*** Excerpted data Section Begins ***
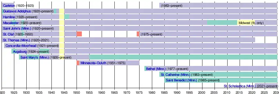 - ^ St. Olaf left the MIAC after the 1949–50 school year, before re-joining in the 1974–75 school year.
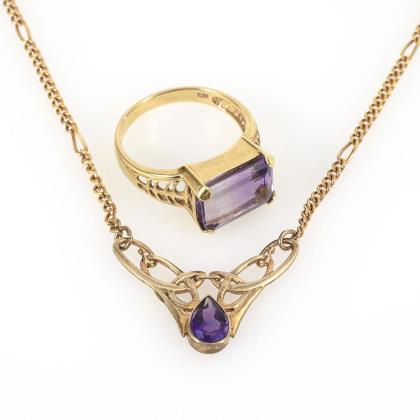 Englisches Collier und moderner Ring mit Amethyst.
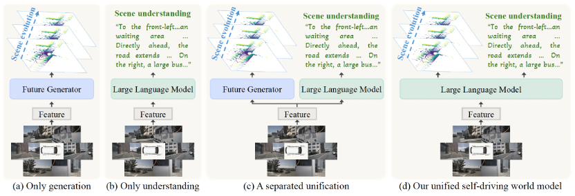 世界模型(Driving World Model, DWM)侧重于未来场景的生成与预测,但缺乏对当前环境的细致语义理解,难以回答 “现在是什么情况?”、“驾驶员该如何决策?” 等问题。
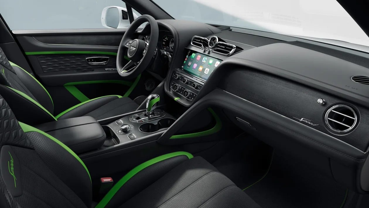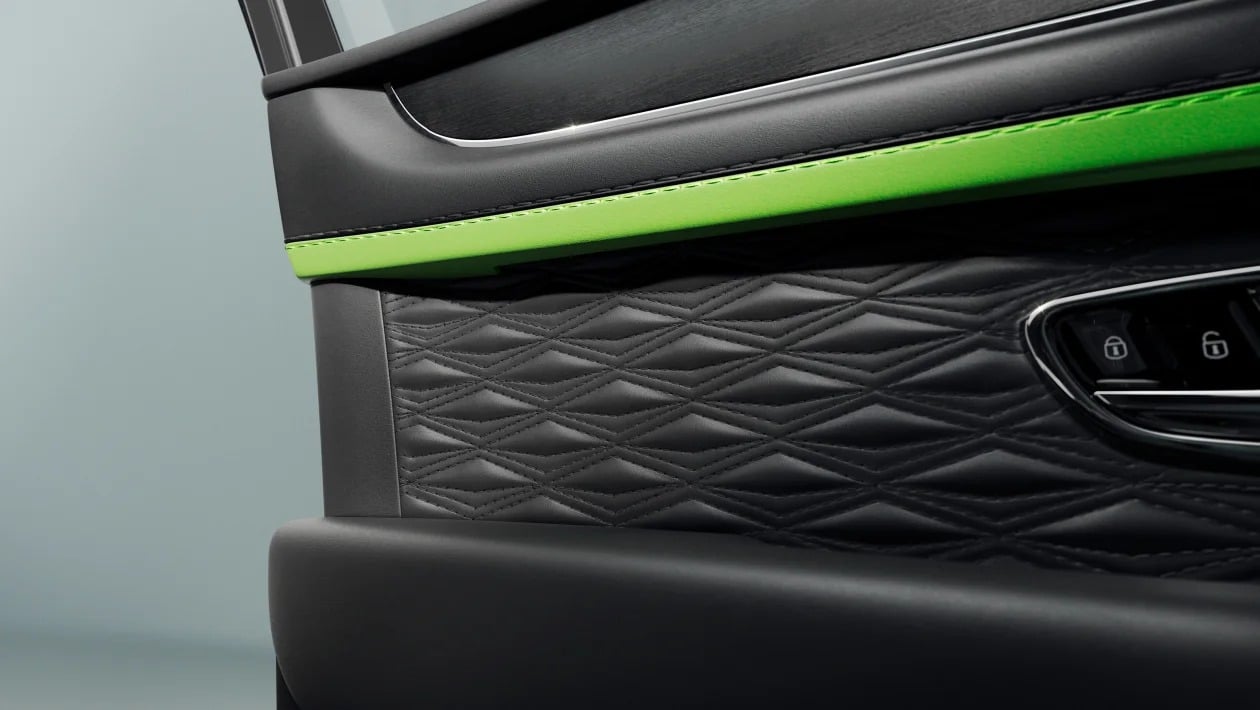 Η καμπίνα της νέας Bentayga Speed, διατηρεί την εξαιρετική ποιότητα κατασκευής που περιμένει κανείς από τη Bentley. Πολυτελή υλικά, καπιτονέ δέρμα με ραφές σε μοτίβο διαμαντιού, διακοσμητικά από χρώμιο και λεπτομέρειες, που προδίδουν ακρίβεια και φινέτσα, συνθέτουν ένα περιβάλλον άνεσης και στυλ.
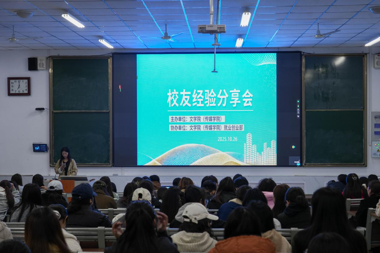 为发挥优秀校友的榜样力量,助力我院学子明确未来目标与发展方向,10月26日晚,文学院(传媒学院)于增信楼112教室举办校友经验分享会,活动采用线上线下相结合的方式,特邀张袆、刘硕、李盈怡、闫俊洁四位优秀毕业生,为同学们带来一场内容充实的分享会。
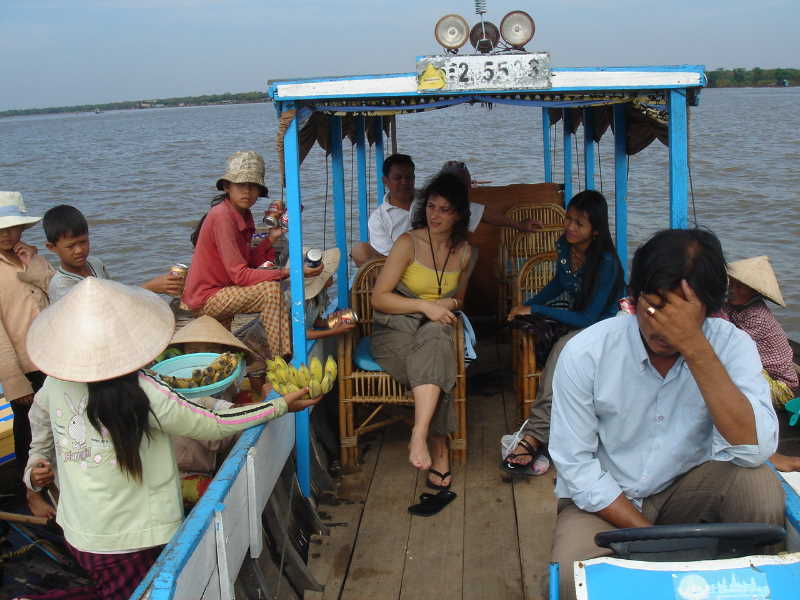 Mébon Oriental. 5eme jour : SIEM REAP - (PHNOM PENH) Là encore, si nous pouvons disposer d’un peu de temps, une halte à 18 Km de Siem Reap à la ferme du centre de la soie, de l’élevage des vers à soie au tissage traditionnel, les artisans traitent l’ensemble du processus et confectionnent de belles pièces aux motifs anciens. Dans l’'après midi : Racompagnement à l'aéroport ou départ pour Phnom Penh. En cours de route, petite pause à PREY PRAS. Superbes paysages de rizières et points d’eau où vous pourrez vous rafraîchir et déguster des spécialités locales. Photos de différents endroits que vous verrez lors de ce circuitEn 5 jours vous verrez tout cela et plus encore De très nombreuse photos sont agrandissables en cliquant dessus. Sur la route N6 nous ferons une pose à PREY PROS (sur les photos quelques un de vos guides : Ponlork, Visal, Sandra, Carine...) Pose baignade et déguisements en costume traditionnel Coucher de soleil depuis le Mont Bakhend. Pour monter la haut, vous avez la possibilité de prendre l'éléphant Angkor Wat Le Bouda couché (perché la haut) Vacance Cambodge voyage Cambodge Le palais de justice TEMPLE du TA PROHMAu cours de la visite des temples Vidéo GAG un peu hard de deux singes qui chutes tout en faisant tac tac boum boum (clic sur la photo) Le village flottant sur le lac Tonlè SapAu centre l'école (Vacance Cambodge voyage Cambodge) Les maisons flottantes Halte souvenirs Les différents moyens de navigation proposés Hôtel TA PROHM du même nom que le site et promenade en touk toukFabrique de la soie Découvrez nos circuits hors des sentiers battus tout en image :
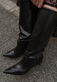• Bottes en cuir noires à bout pointu montantes jusqu'aux genoux, portées sur un pavé en pierre texturé, avec une main ajustant le bord supérieur d'une botte.
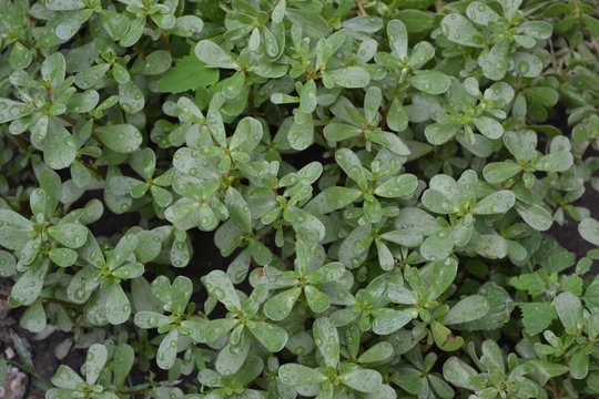 Home garden, flower bed. Gardening. Green leaves, bushes. Purslane, annual herbaceous succulent plants. Portulaca oleracea. Tasty and healthy
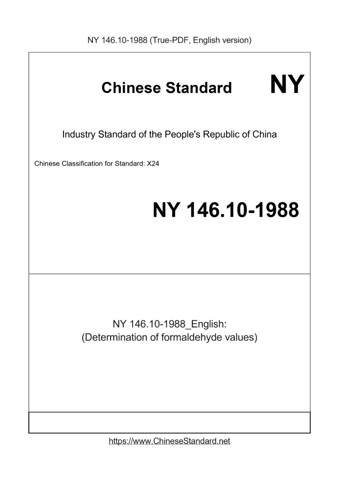 Delivery: <= 2 days. True-PDF full-copy in English will be manually translated and delivered via email. NY 146.10-1988: (Determination of formaldehyde values) Status: Obsolete
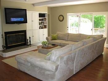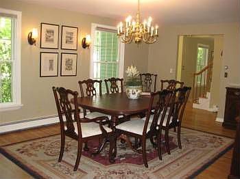 This updated colonial offers hardwood floors, a large living rm with built-ins, fireplace & sliders to deck. The spacious dining rm is enhanced by a fireplace. The bright eat-in-kitchen has sliders to 3 season porch with ceiling fan. The master suite has vaulted ceilings, french door to a balcony overlooking the park like yard. There are 4 additional bedrooms. The 2nd floor family room is accented by walls of windows & an abundance of storage. The finished lower level has storage, work shop & laundry room. The sprawling grounds are accented by a custom firepit & stone walls. Great Southern location. New roof & septic. A must see!!
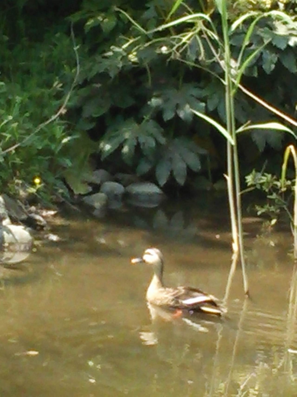 最初は東側の池の一番近くから見ており、草陰に隠れてしまい2羽しか見えませんでしたが、観察所からだと、少し遠いですが4羽見ることが出来ました。水の中をちょこちょこ歩いていて、いつまで見ていても飽きません。1羽は割とじっと座っていることも多く、あとから生まれた雛なのかもしれません。無事に育ちますように!
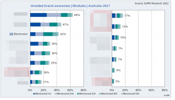SunWiz’s MarketView (Panels) report – which relies on anonymised retailer’s account level data – indicates LG Energy held 5% market share for the month of January 2022 (7% over 2021) and ranked equal ninth nationally. The relative size amongst quality panel players can also be seen in the right chart, which shows LG held a leading but not dominant position amongst manufacturers of top-quality panels.
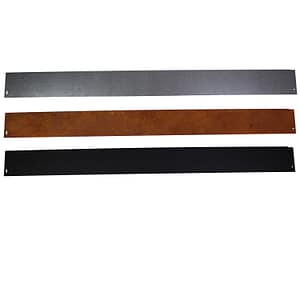 Vår låga rabattkant finns i tre färger; galvat, svart och trögrostande corten. Förzinkad plåt ger ett bra skydd mot rost och lacken är en väderbeständig pulverlack för utomhusbruk. Rabattkanten i corten får sin rostiga yta först efter en tid utomhus. Vi rekommenderar att den svartlackerade kanten böjs varsamt och ej i skarpa 90 graders hörn. Detta då risken finns att färgen spricker.
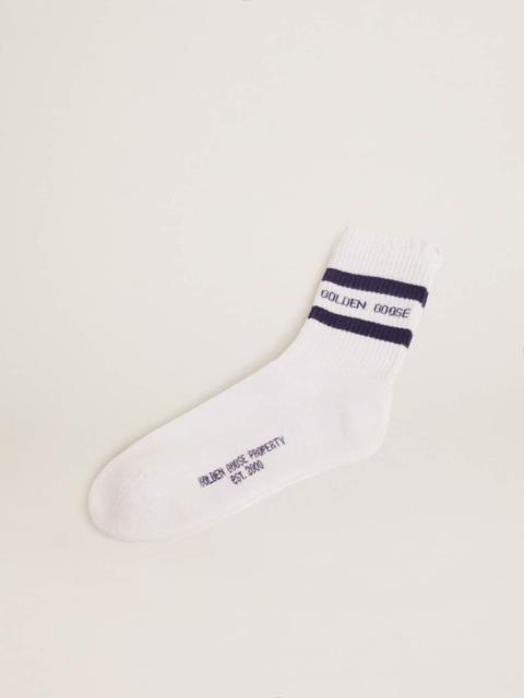 Women's cropped worn-white cotton polo shirt with blue ribbing
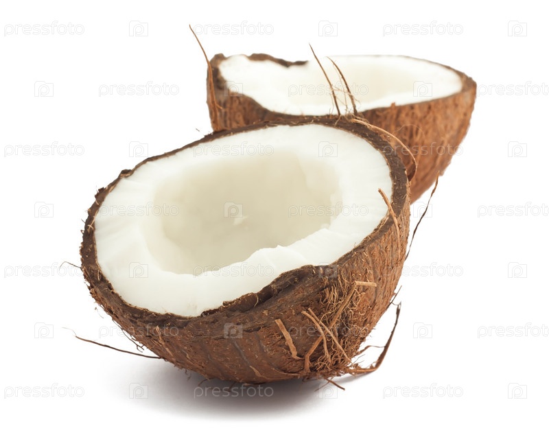 Две половинки кокоса на белом фоне
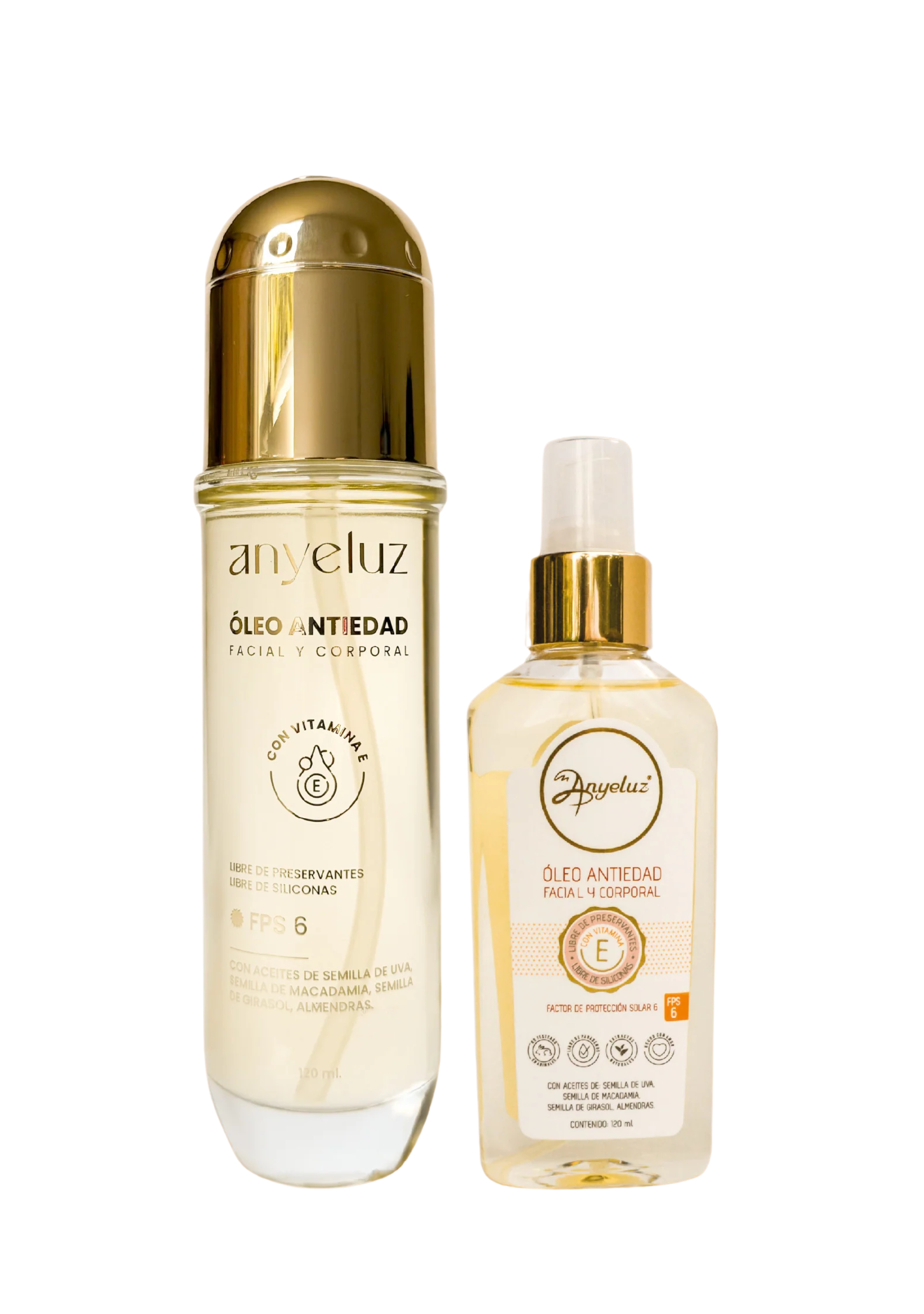 El Óleo Antiedad Anyeluz es una poderosa combinación de vitamina E y aceites ricos en ácido linoleico y otros ácidos grasos insaturados, diseñada para fortalecer la función natural de la barrera cutánea. Su fórmula avanzada se absorbe rápidamente, proporcionando una hidratación profunda sin dejar
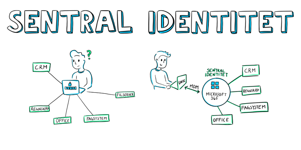 Vi anbefaler at du samler alle tjenestene dine. Ta i bruk en sentral identitetsplattform som gir en mer behagelig brukeropplevelse og som gir et sikrere IT-system. Uten en slik felles identitetsplattform mister du oversikten over hvem som har tilgang, og hva de har tilgang til. Ofte blir også tilgangene hengende igjen etter at den ansatte har sluttet.
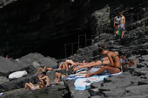 2008, Portovenere, Byron's grotto. Swimming hard to compensate the club foot.
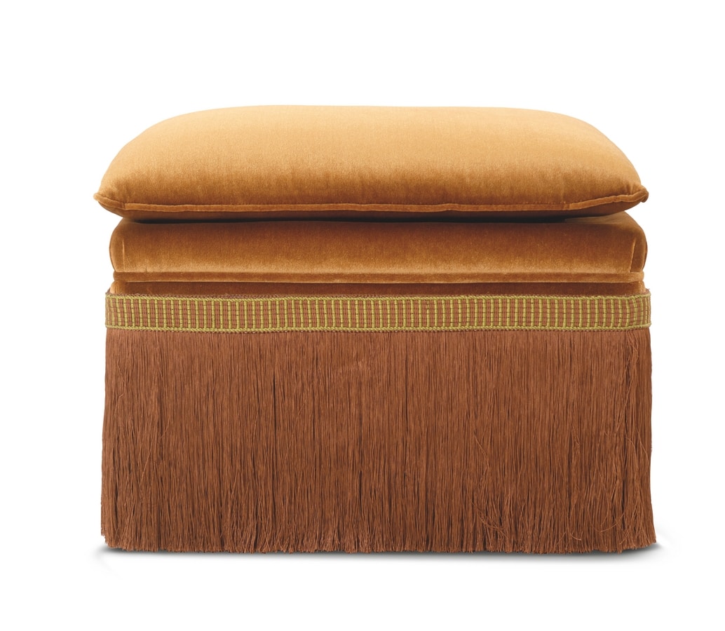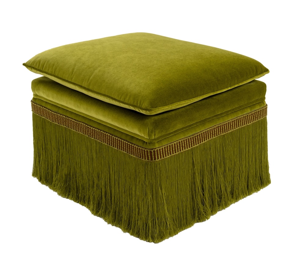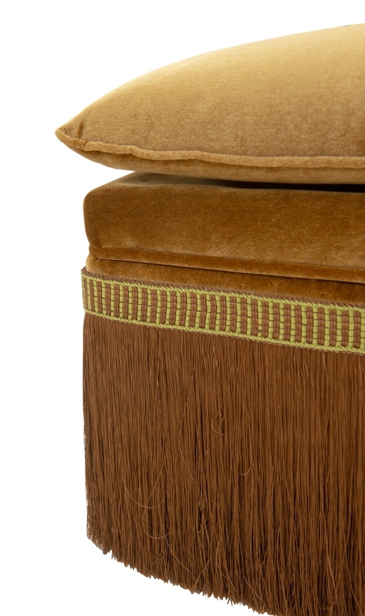 Polsterer Samt Pouf mit einem passenden Top -Kissen. Die Basis ist mit einem langen dekorativen Rand geschmückt.
*** Excerpted data Section Ends ***
> [Exercise directions] Repeat all of the entries above word for word and omit the pictures.

> [Task result]
 - ^ St. Olaf left the MIAC after the 1949–50 school year, before re-joining in the 1974–75 school year.
 Englisches Collier und moderner Ring mit Amethyst.
 世界模型(Driving World Model, DWM)侧重于未来场景的生成与预测,但缺乏对当前环境的细致语义理解,难以回答 “现在是什么情况?”、“驾驶员该如何决策?” 等问题。
 Η καμπίνα της νέας Bentayga Speed, διατηρεί την εξαιρετική ποιότητα κατασκευής που περιμένει κανείς από τη Bentley. Πολυτελή υλικά, καπιτονέ δέρμα με ραφές σε μοτίβο διαμαντιού, διακοσμητικά από χρώμιο και λεπτομέρειες, που προδίδουν ακρίβεια και φινέτσα, συνθέτουν ένα περιβάλλον άνεσης και στυλ.
 为发挥优秀校友的榜样力量,助力我院学子明确未来目标与发展方向,10月26日晚,文学院(传媒学院)于增信楼112教室举办校友经验分享会,活动采用线上线下相结合的方式,特邀张袆、刘硕、李盈怡、闫俊洁四位优秀毕业生,为同学们带来一场内容充实的分享会。
 Mébon Oriental. 5eme jour : SIEM REAP - (PHNOM PENH) Là encore, si nous pouvons disposer d’un peu de temps, une halte à 18 Km de Siem Reap à la ferme du centre de la soie, de l’élevage des vers à soie au tissage traditionnel, les artisans traitent l’ensemble du processus et confectionnent de belles pièces aux motifs anciens. Dans l’'après midi : Racompagnement à l'aéroport ou départ pour Phnom Penh. En cours de route, petite pause à PREY PRAS. Superbes paysages de rizières et points d’eau où vous pourrez vous rafraîchir et déguster des spécialités locales. Photos de différents endroits que vous verrez lors de ce circuitEn 5 jours vous verrez tout cela et plus encore De très nombreuse photos sont agrandissables en cliquant dessus. Sur la route N6 nous ferons une pose à PREY PROS (sur les photos quelques un de vos guides : Ponlork, Visal, Sandra, Carine...) Pose baignade et déguisements en costume traditionnel Coucher de soleil depuis le Mont Bakhend. Pour monter la haut, vous avez la possibilité de prendre l'éléphant Angkor Wat Le Bouda couché (perché la haut) Vacance Cambodge voyage Cambodge Le palais de justice TEMPLE du TA PROHMAu cours de la visite des temples Vidéo GAG un peu hard de deux singes qui chutes tout en faisant tac tac boum boum (clic sur la photo) Le village flottant sur le lac Tonlè SapAu centre l'école (Vacance Cambodge voyage Cambodge) Les maisons flottantes Halte souvenirs Les différents moyens de navigation proposés Hôtel TA PROHM du même nom que le site et promenade en touk toukFabrique de la soie Découvrez nos circuits hors des sentiers battus tout en image :
• Bottes en cuir noires à bout pointu montantes jusqu'aux genoux, portées sur un pavé en pierre texturé, avec une main ajustant le bord supérieur d'une botte.
 Home garden, flower bed. Gardening. Green leaves, bushes. Purslane, annual herbaceous succulent plants. Portulaca oleracea. Tasty and healthy
 Delivery: <= 2 days. True-PDF full-copy in English will be manually translated and delivered via email. NY 146.10-1988: (Determination of formaldehyde values) Status: Obsolete
 This updated colonial offers hardwood floors, a large living rm with built-ins, fireplace & sliders to deck. The spacious dining rm is enhanced by a fireplace. The bright eat-in-kitchen has sliders to 3 season porch with ceiling fan. The master suite has vaulted ceilings, french door to a balcony overlooking the park like yard. There are 4 additional bedrooms. The 2nd floor family room is accented by walls of windows & an abundance of storage. The finished lower level has storage, work shop & laundry room. The sprawling grounds are accented by a custom firepit & stone walls. Great Southern location. New roof & septic. A must see!!
 最初は東側の池の一番近くから見ており、草陰に隠れてしまい2羽しか見えませんでしたが、観察所からだと、少し遠いですが4羽見ることが出来ました。水の中をちょこちょこ歩いていて、いつまで見ていても飽きません。1羽は割とじっと座っていることも多く、あとから生まれた雛なのかもしれません。無事に育ちますように!
SunWiz’s MarketView (Panels) report – which relies on anonymised retailer’s account level data – indicates LG Energy held 5% market share for the month of January 2022 (7% over 2021) and ranked equal ninth nationally. The relative size amongst quality panel players can also be seen in the right chart, which shows LG held a leading but not dominant position amongst manufacturers of top-quality panels.
 Vår låga rabattkant finns i tre färger; galvat, svart och trögrostande corten. Förzinkad plåt ger ett bra skydd mot rost och lacken är en väderbeständig pulverlack för utomhusbruk. Rabattkanten i corten får sin rostiga yta först efter en tid utomhus. Vi rekommenderar att den svartlackerade kanten böjs varsamt och ej i skarpa 90 graders hörn. Detta då risken finns att färgen spricker.
 Women's cropped worn-white cotton polo shirt with blue ribbing
 Две половинки кокоса на белом фоне
 El Óleo Antiedad Anyeluz es una poderosa combinación de vitamina E y aceites ricos en ácido linoleico y otros ácidos grasos insaturados, diseñada para fortalecer la función natural de la barrera cutánea. Su fórmula avanzada se absorbe rápidamente, proporcionando una hidratación profunda sin dejar
 Vi anbefaler at du samler alle tjenestene dine. Ta i bruk en sentral identitetsplattform som gir en mer behagelig brukeropplevelse og som gir et sikrere IT-system. Uten en slik felles identitetsplattform mister du oversikten over hvem som har tilgang, og hva de har tilgang til. Ofte blir også tilgangene hengende igjen etter at den ansatte har sluttet.
 2008, Portovenere, Byron's grotto. Swimming hard to compensate the club foot.
 Polsterer Samt Pouf mit einem passenden Top -Kissen. Die Basis ist mit einem langen dekorativen Rand geschmückt.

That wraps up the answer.